= DATA EXTRACT =
----------------------------------------

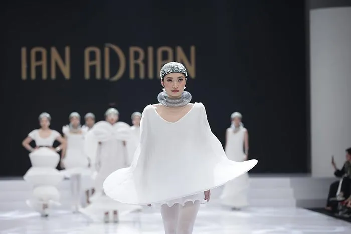 Koleksi busana yang ditampilkan Ian Adriqn, bergaya Avant Garde. Didominasi kain sutra Sengkang (Sulawesi Selatan), chiffon, organdy, satin dan mayoritas berwarna putih dan cream.
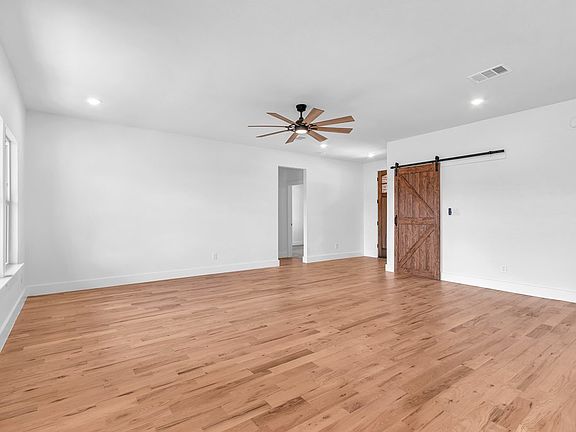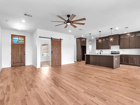Tall ceilingsWood barn doorPantry provides additional storageGorgeous ensuite bathDesigner tile floor
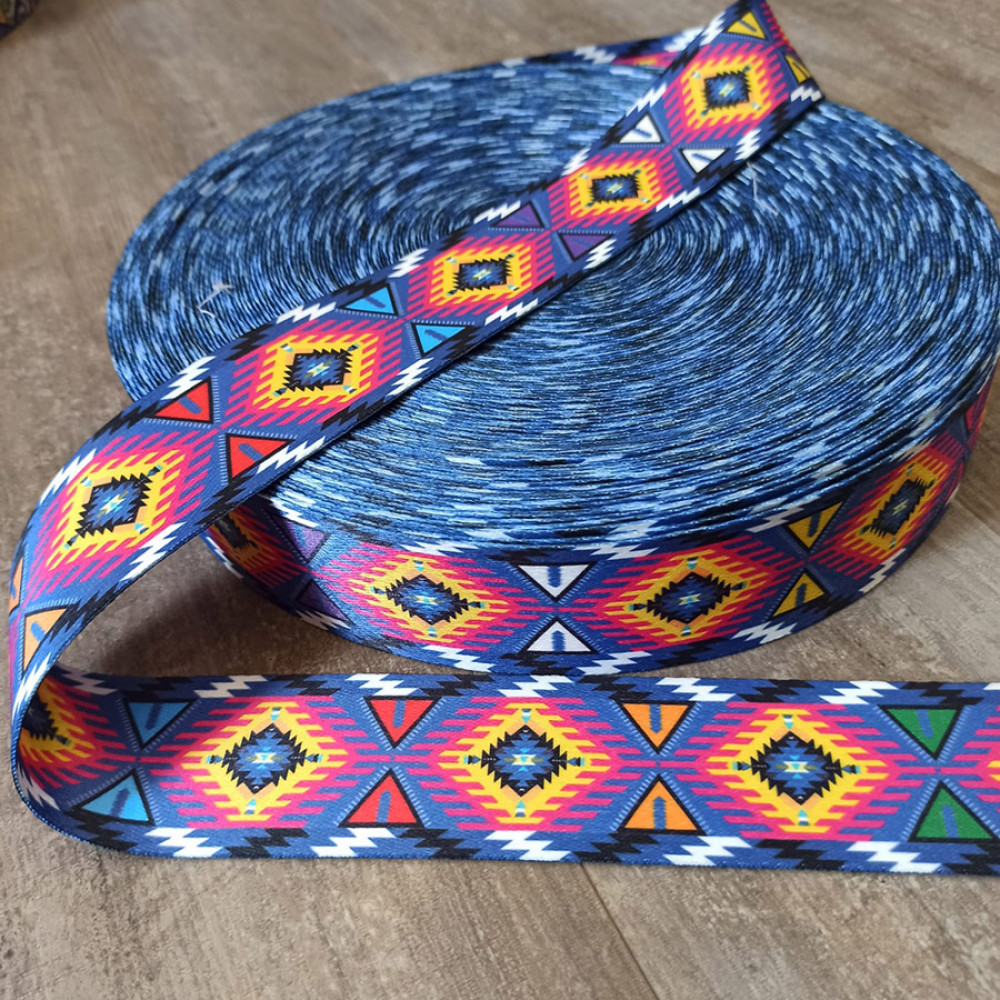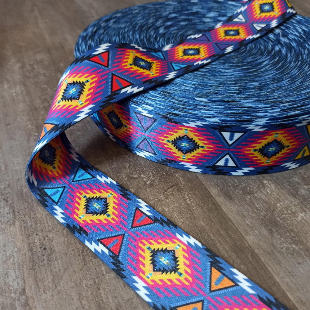 Стропа (ременная лента) плотная из синтетических волокон - геометрический узор с элементами песочных часов.

----------------------------------------

= EXERCISE DETAILS =
Omitting all images, print the listing exactly.

= RESULT OF THIS TASK =
 Koleksi busana yang ditampilkan Ian Adriqn, bergaya Avant Garde. Didominasi kain sutra Sengkang (Sulawesi Selatan), chiffon, organdy, satin dan mayoritas berwarna putih dan cream.
Tall ceilingsWood barn doorPantry provides additional storageGorgeous ensuite bathDesigner tile floor
 Стропа (ременная лента) плотная из синтетических волокон - геометрический узор с элементами песочных часов.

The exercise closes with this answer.